Data extracted from a collection:
--------
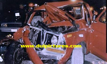 2ND AND BOTTOM PHOTO: the driver was removed from the wreck and survived it relatively unscathed; a broken thumb and minor lacerations. An overnight stay in the hospitol (for observation purposes) - flirting with the nurses; laughing, enjoying life, ... the driver was released from medical treatment the next morning.
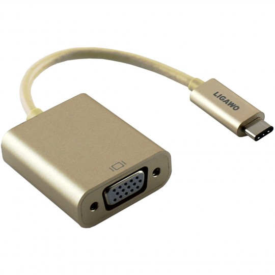 Ligawo 0.15m, USB3.1-C/VGA. Connector 1: USB3.1-C, Connector 2: VGA, Gender: Male/Female. Colour of product: Gold, Cable length: 0.15 m. Maximum resolution: 2048 x 1152 pixels, Compatible operating systems: Windows 10, Google Chrome OS, Linux, Mac OS 10.2, Compatibility: MacBook 2015, Mac Book 12", Google Chromebook Pixel, ASUS AiO Zen, DELL XPS 13f. Width: 4.2 cm, Depth: 15 cm, Height: 3.7 cm
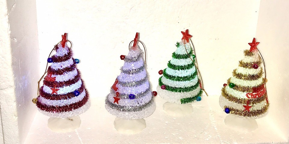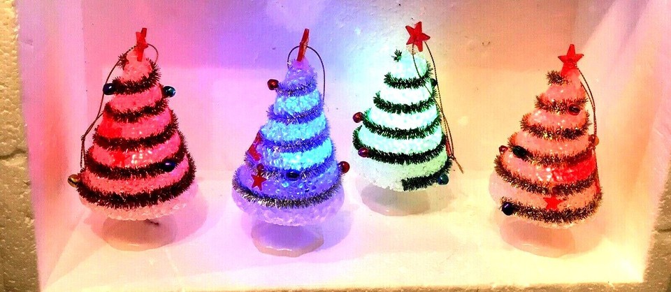 MORPHING PULSING SET OF 4 CHRISTMAS Multi Color Christmas Tree LED Ornaments
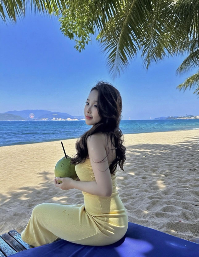 In her hands, she holds a fresh green coconut with a straw—an iconic symbol of tropical leisure. This small yet significant detail adds authenticity to the image, grounding it in a real, lived experience. It suggests not just a setting, but a lifestyle defined by relaxation, simplicity, and connection with nature.
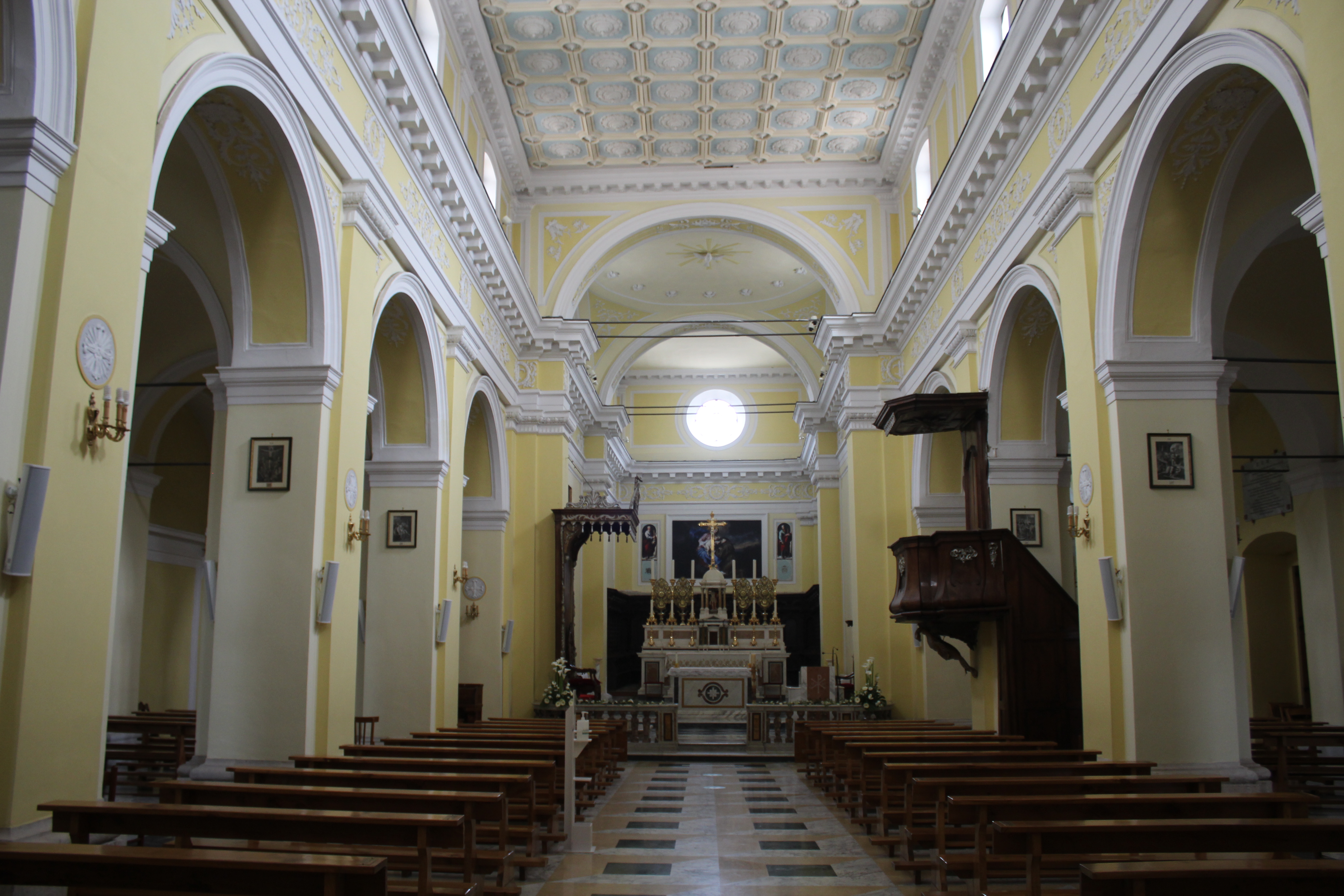Al suo interno, la Concattedrale dell’Arcidiocesi di Sant’Angelo dei Lombardi - Conza - Nusco - Bisaccia si presenta con tre navate divise da colonne, in cui è conservato un coro ligneo seicentesco e due ricchi altari marmorei policromi.
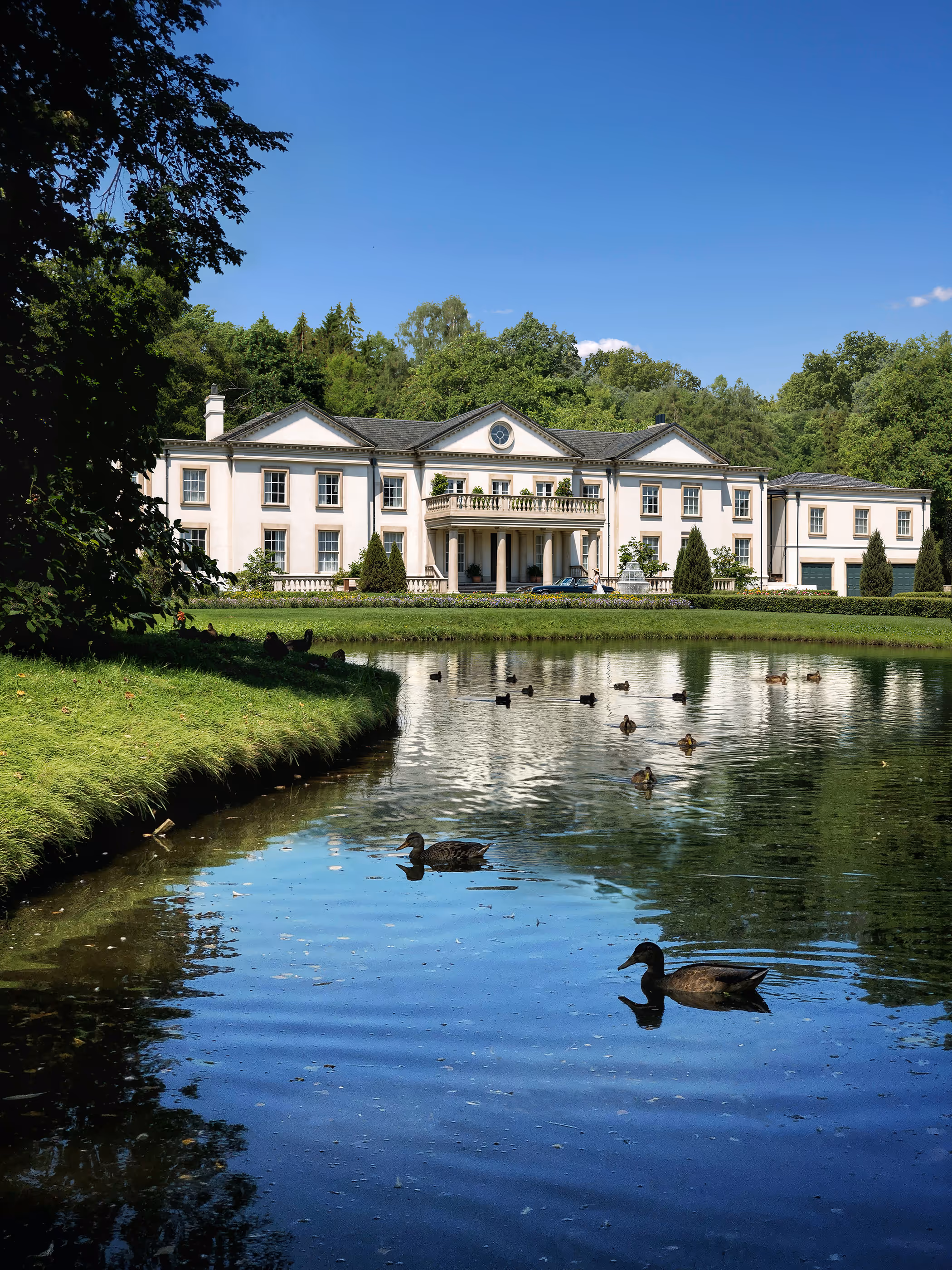 The three-level property will feature a gym, swimming pool and cinema, as well as a bespoke entertainment space including a dancefloor on the lower ground level. A modern family living space will be created on the ground and first floor levels to include six bedrooms, a wine cellar, tasting room and a self-contained, two-bedroom guest apartment over the three-car garage – which is connected to the house by a contemporary, glazed entrance hall that is designed to be as unobtrusive as possible.
--------
The problem: Look above for the line with "Ligawo 0.15m, USB3.1-C/VGA.", then give again exactly every line from there through the line with "MORPHING PULSING SET", skipping the pictures.

Result of the exercise:
 Ligawo 0.15m, USB3.1-C/VGA. Connector 1: USB3.1-C, Connector 2: VGA, Gender: Male/Female. Colour of product: Gold, Cable length: 0.15 m. Maximum resolution: 2048 x 1152 pixels, Compatible operating systems: Windows 10, Google Chrome OS, Linux, Mac OS 10.2, Compatibility: MacBook 2015, Mac Book 12", Google Chromebook Pixel, ASUS AiO Zen, DELL XPS 13f. Width: 4.2 cm, Depth: 15 cm, Height: 3.7 cm
 MORPHING PULSING SET OF 4 CHRISTMAS Multi Color Christmas Tree LED Ornaments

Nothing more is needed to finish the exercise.